A very well written contribution on an important topic.
I find that each of the 3 contributions in the paper could justify a paper for themselves:
The GAI++ algorithm is a simple generalization of the GAI algorithms, that settle an interesting open question regarding FDR versus mFDR control.
The weighted-online FDR control is a nice extension of online-FDR.
Most importantly, in my opinion, is the introduction of the mem-FDR which is a natural adaptation of the exponentially weighted moving average to FDR control. I am surprised this has not been suggested previously, and is a natural and important error criterion.
It is for this last contribution that I expect this paper to have a high impact.

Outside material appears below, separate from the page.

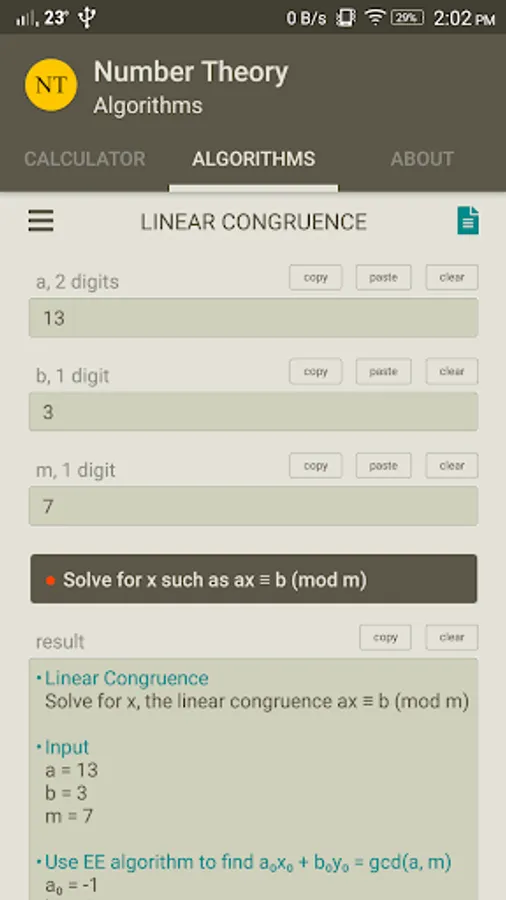 Linear Congruence In Two Variables. Solve for x,y a congruence of the form ax+by ≡ c (mod m).

This paper unifies and extends concepts related to the online false discovery rate (FDR) control. This is a recent trendy setting where null hypotheses are coming in a sequential manner over time and the user should make an (irrevocable) decision about rejecting (or not) the null coming at each time. The aim is to make a sequential inference so that the expected proportion of errors among the rejected nulls is bounded by a prescribed value $\alpha$ (at any stopping time).
My opinion is that this paper is of very high quality: the writing is good and easy to follow, the motivation is clear and interesting, the new procedures and concepts are clever and the proofs are really nicely written.
My only concern is that the strongest innovation (decaying memory procedure) is maybe not
sufficiently well put forward in the main paper. It only comes at the last 1.5 pages and there is no illustration for Alpha-death recovery. This concept seems however more important than the double-weighting of Section 4 that can be put in appendix safely (more standard). I would also suggest to put Section D.3 of the supplement in the main paper (illustration of Piggybacking).
Here are some other comments and typos :
line 58 "will equal 1" (only with high probability);
line 131 "mst";
line 143 "keeping with past work";
Notation "W(t)" I suggest to use W_t (if you agree);
Lemma 1 f_i is not F_i measurable but just measurable (right?);
Section D.1, line 469-470 :" mu_j follows 0" should read "mu_j=0";
line 528 : equation (13) should read equation (10);
line 529-530 : -phi_t (R_t-1) should read +phi_t (R_t-1).